Stored data
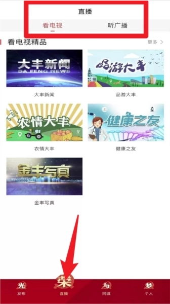 2.点击底部的“直播”入口,就能选择观看大丰新闻、农情大丰等电视节目,还支持回放和切换栏目。
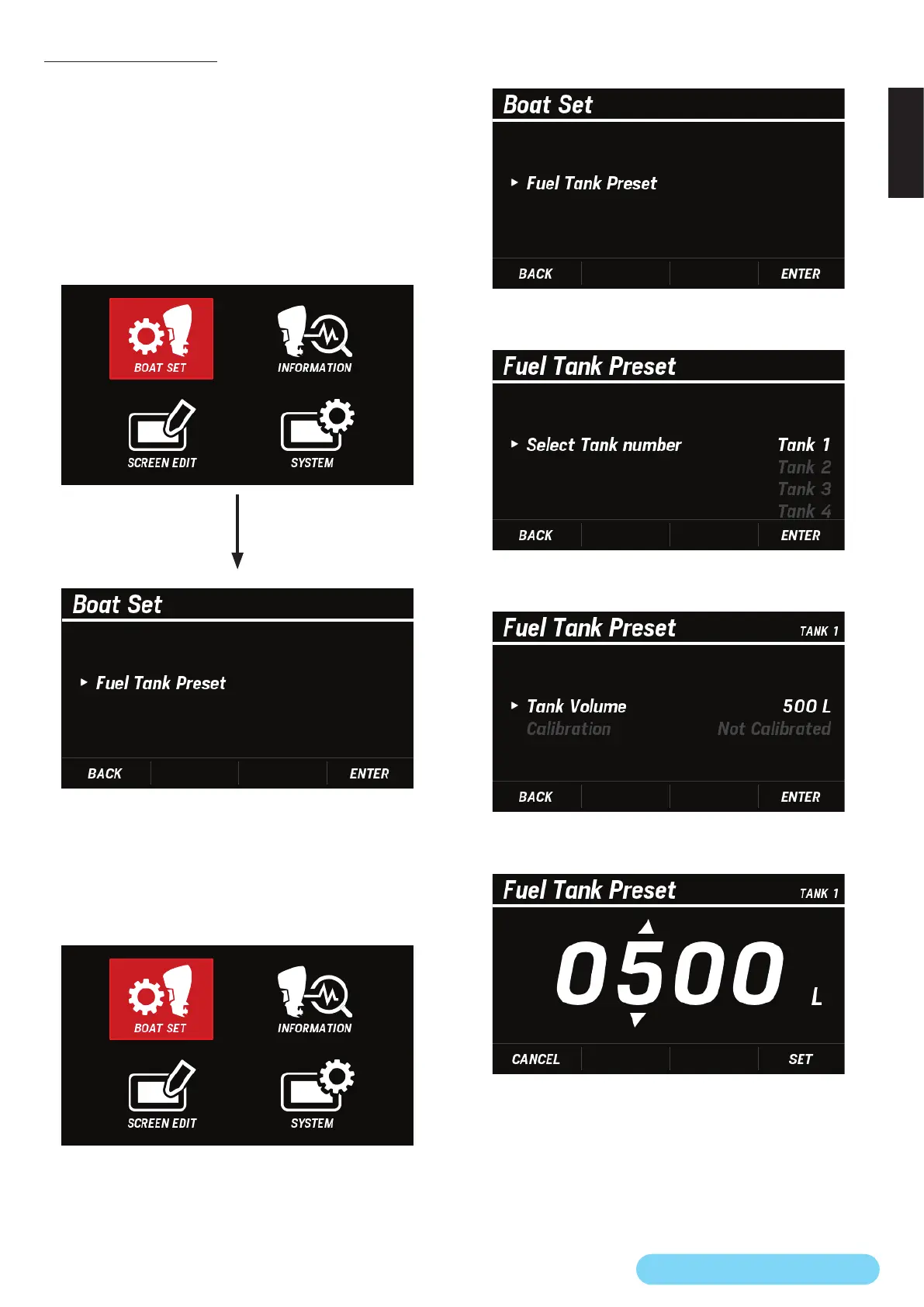 To use the fuel tank setting function, select BOAT SET from the
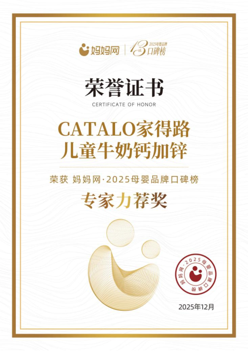 CATALO 家得路儿童牛奶钙加锌荣获妈妈网2025母婴品牌口碑榜“专家力荐奖”!
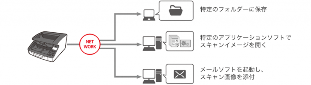 使いやすいコントロールパネルと便利なジョブ機能を搭載しています。ジョブ機能は99個まで登録することが出来、いつでも簡単にスキャン機能を使うことが出来ます。たとえば、スキャンした原稿を指定したフォルダーに保存する等の日常的なスキャン業務をジョブ登録ツールから登録しておけば、本体上のボタンを押すだけで簡単に実行することができます。
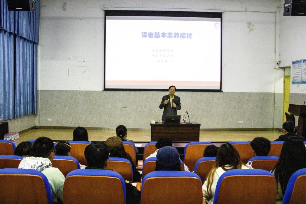 11月25日-26日,学院邀请中央民族大学博士生导师、二级教授、资深翻译家何克勇教授来我院讲学。2025级英语笔译研究生及全院教师参加。
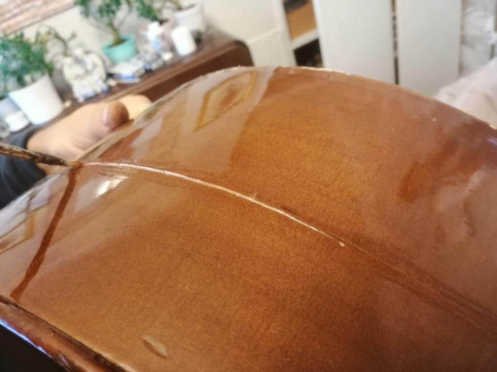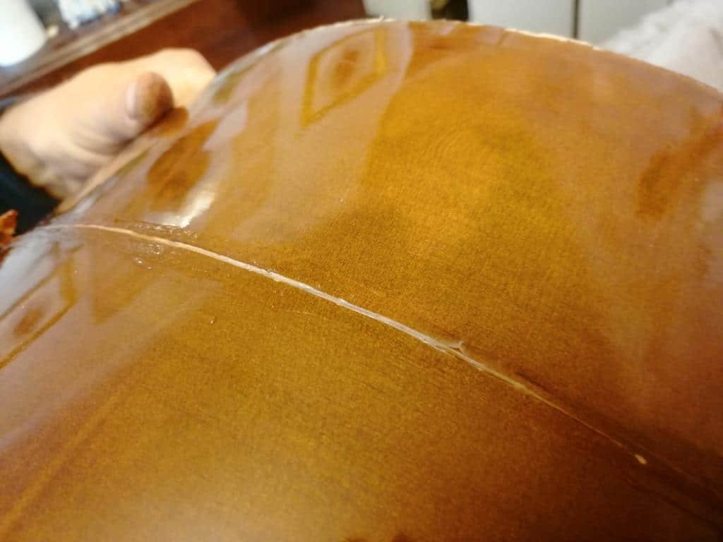 Natural traditional hide glue was applied to the rib crack. This type of glue is essential in instrument restoration, as it remains reversible and acoustically appropriate.
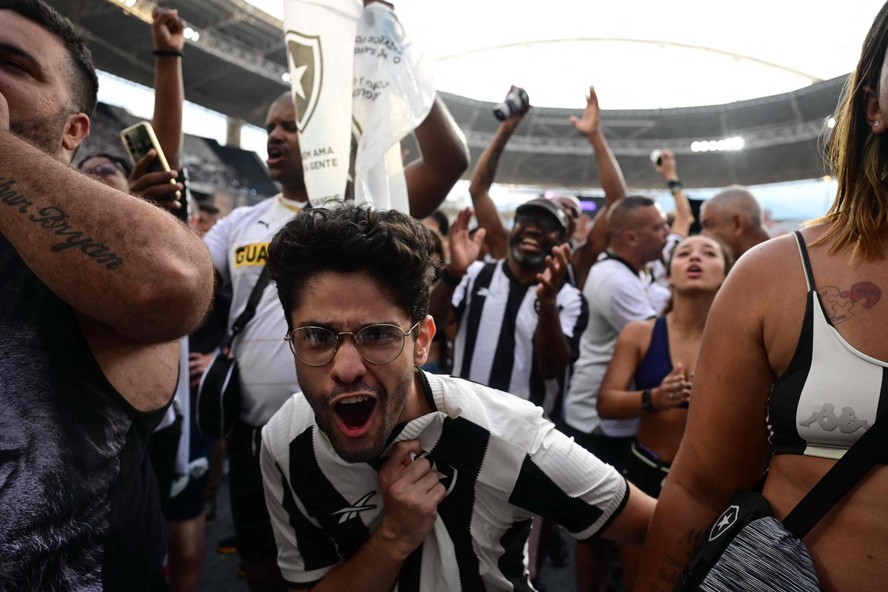 Torcedores comemoram o segundo gol do Botafogo no Nilton Santos — Foto: Pablo PORCIUNCULA / AFP

• _TASK GOAL_
Give the data again exactly, without pictures.

• _FINISHED TASK_
 2.点击底部的“直播”入口,就能选择观看大丰新闻、农情大丰等电视节目,还支持回放和切换栏目。
 To use the fuel tank setting function, select BOAT SET from the
 CATALO 家得路儿童牛奶钙加锌荣获妈妈网2025母婴品牌口碑榜“专家力荐奖”!
 使いやすいコントロールパネルと便利なジョブ機能を搭載しています。ジョブ機能は99個まで登録することが出来、いつでも簡単にスキャン機能を使うことが出来ます。たとえば、スキャンした原稿を指定したフォルダーに保存する等の日常的なスキャン業務をジョブ登録ツールから登録しておけば、本体上のボタンを押すだけで簡単に実行することができます。
 11月25日-26日,学院邀请中央民族大学博士生导师、二级教授、资深翻译家何克勇教授来我院讲学。2025级英语笔译研究生及全院教师参加。
 Natural traditional hide glue was applied to the rib crack. This type of glue is essential in instrument restoration, as it remains reversible and acoustically appropriate.
 Torcedores comemoram o segundo gol do Botafogo no Nilton Santos — Foto: Pablo PORCIUNCULA / AFP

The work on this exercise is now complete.